Dr. Duffy, who joined USA Health in 2007 as a family medicine physician, described a CMIO as “the liaison between an organization’s information systems department and its physicians and other clinicians. He says the process of converting the USA Health records from paper or partially electronic records to a completely electronic system is a “monumental task.”
“In the early stages, electronic medical record (EMR) implementation is generally an all-consuming task. We’re trying to unify medical records and work processes for two hospitals, a cancer institute and numerous outpatient venues. It’s not just a matter of technical hurdles. It’s a total re-engineering of work flow,” Dr. Duffy said. To optimize the use of the EMR system at USA Health in the future, he acknowledges the inefficiencies present in the system.

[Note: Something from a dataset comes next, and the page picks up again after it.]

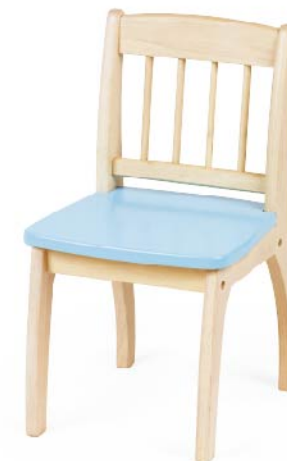
P8009 JUNIOR CHAIR W 32 x L 35.5 x H 60 cm W 12½ x L 14 x H 23½ in Seat Height: 32 cm Seat Height: 12½ in

“Clinicians struggle with needless inefficiencies that are currently present in EMR systems,” Dr. Duffy continued. “The products are still in their relative infancy, and they’re improving, but there are many aspects of the program that do not work the way a provider would use it. When the front office has recorded a patient’s marital status, why isn’t that passed into the history? If the nurse records the dates of the last pap smear, shouldn’t that update when the next pap smear is due? Any time you have to enter something twice, you’re wasting time,” Dr. Duffy said.

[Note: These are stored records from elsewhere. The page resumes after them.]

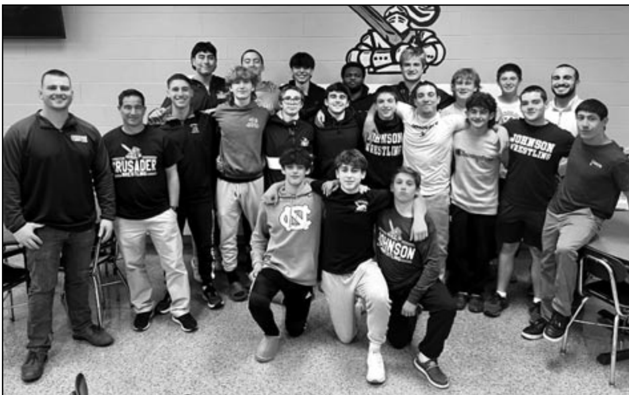
(above) ALJ Wrestling

Congrats to all of our wrestlers on an outstanding showing in the County Championships!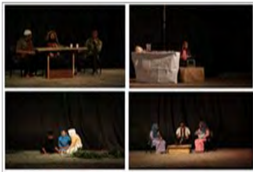
Figure 2. Student Assessment Activities in Drama Classes (Our Documentary: 2019).

The jury assessment does not affect the perception of lecturers in making assessments for each student in the class. Lecturer assessment aims to assess all of the students' activities. Meanwhile, the jury's assessment aims to appreciate the interests and responses of students learning local culture through drama classes. This researcher's preference is for achieving the planned impact of the drama class learning process. The following four photos are evidence of staging activities for the performance assessment of drama class students.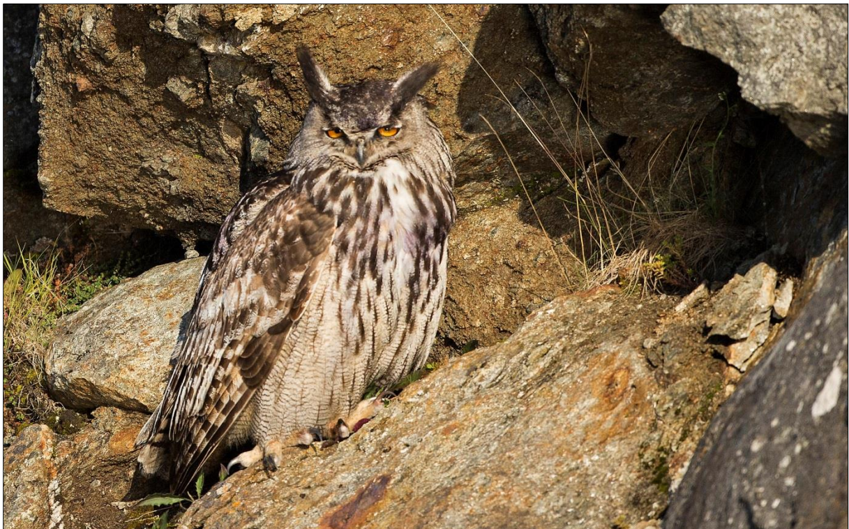
Eagle owl at nesting site in Lurøy, Nordland. The species has undergone serious population declines in Norway throughout the 20 th century, which is the reason why it is listed as “Endangered” on the most recent Norwegian Red List.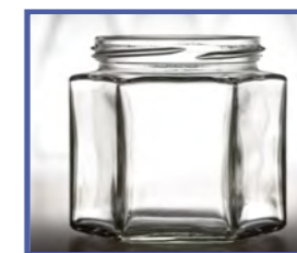
glass jars without lids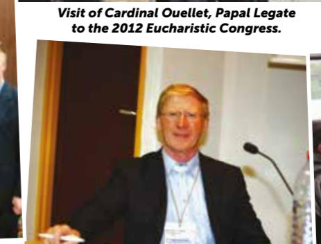
Representing Lough Derg at the European Pilgrimage Congress in Lourdes 2007.

Although Dr. Duffy understands the current limitations of EMR, he also sees the potential for EMR to dramatically improve health care and consequentially quality of life. “When we optimize the system, patients should spend less time in the waiting room while doctors and nurses should be able to get home on time. We want to leverage what should be the strengths of an EMR such as data search and retrieval, care reminders, patient access and engagement, quality improvement, wasteful expense reduction and population health management. Those goals will never end.”

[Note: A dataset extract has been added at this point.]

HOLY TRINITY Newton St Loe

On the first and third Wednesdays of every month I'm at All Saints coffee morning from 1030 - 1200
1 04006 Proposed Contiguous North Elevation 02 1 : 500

“To date, EMRs have so often been workflow impediments that we have not been able to realize their potential to make our lives better. Optimal use of the EMR system should help us move to a system where we spend money on quality, safety and positive outcomes. We need to demand that our tools be consistent, intuitive and unobtrusive. I figure my best chance to live to see that day is to do some of the work myself,” Dr. Duffy said.
Dr. Duffy earned his medical degree at the USA College of Medicine and completed his residency training at Baptist Memorial Hospital in Gadsden, Ala. He is board-certified in Family and Medical Informatics and has experience in electronic medical system information.